English Gothic

These stories are those of a land of ancient ways, fields, woods and church towers, somehow preserved, but now poised between old and new, and between science and the supernatural.

‘…the balance of the old and new is changing…’

The Vale is a lost part of middle England where the walled villages are sometimes terrorised by wolves in the winter and where a gentle fading magic still persists in the fields and woods. The balance of the old and new is changing with the arrival of science and various charlatans and visionaries. The mysterious Mrs Van Dijk and her woodsman companion Howard, inhabitants of the hamlet of Earls Court, watch the changing seasons and are drawn into the sometimes-dangerous schemes of others.

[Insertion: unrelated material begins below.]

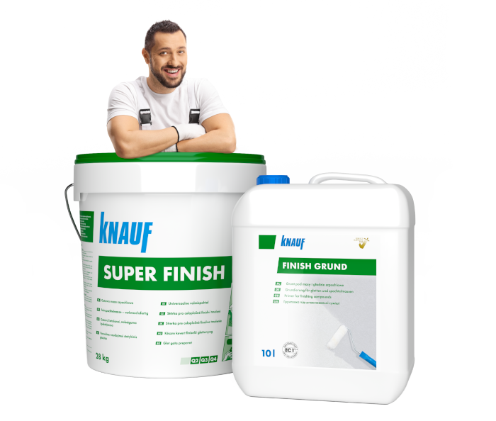 Knauf Super Finish to gotowa gładź szpachlowa, która po nałożeniu na ścianę tworzy twardą powierzchnię, odporną na uszkodzenia mechaniczne, perfekcyjnie gładką i idealną pod farby nawierzchniowe lub inne okładziny ścienne.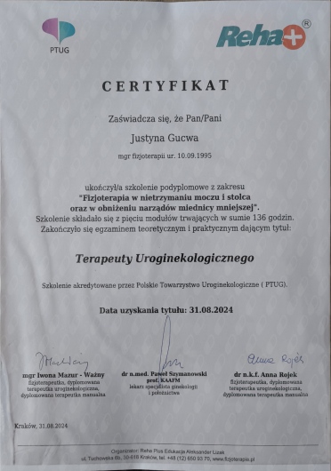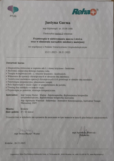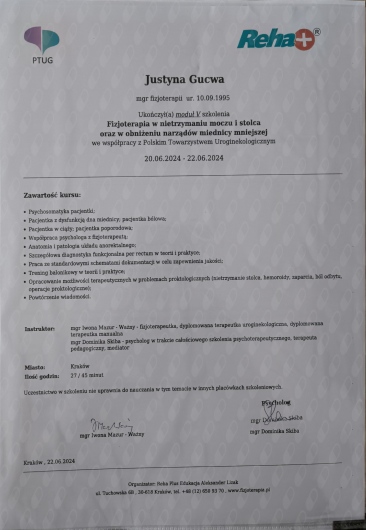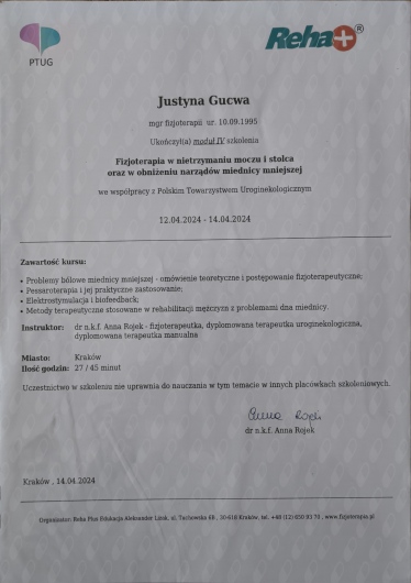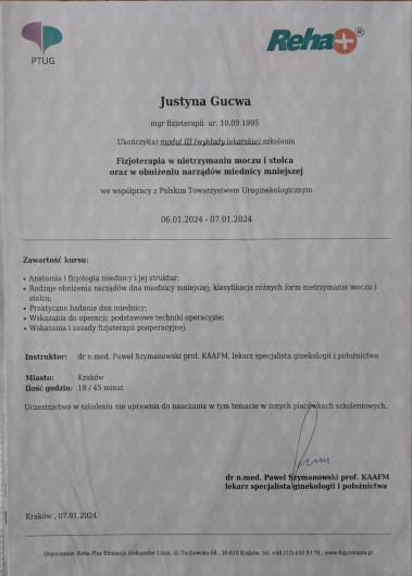 ◦ Fizjoterapia w nietrzymaniu moczu i stolca oraz w obniżeniu narządów miednicy mniejszej – RehaPlus w Krakowie - Moduł VI (egzaminacyjny) – 31.08.2024

Comments on the English Gothic series

‘…charming and intriguing stories…’

‘…quirky and fascinating…’

'…I’ve read nothing like the English Gothic stories…’

Books in the series…

English Gothic…the first book in the series

A woman from an isolated farm is plagued by a winter visitor and abused by her haunted and self-pitying brother while the fields around turn to mud under a grey sky. Mrs Van Dijk visits the farm to spin a charm of protection against the arrival of wolves from the north but the cold visitor will not be ignored. A mad surgeon, the leader of a cult of weak-minds and innocents, roams the fields looking for evidence of the ancient practice of trepanning, leaving those that oppose him dead, until Mrs van Dijk and Howard stand in his way. A half spirit- half man, the bee-master, brings honey bees to the Vale but his other motives are obscure, and his exotic presence seems more to do with death than the sweet taste of honey.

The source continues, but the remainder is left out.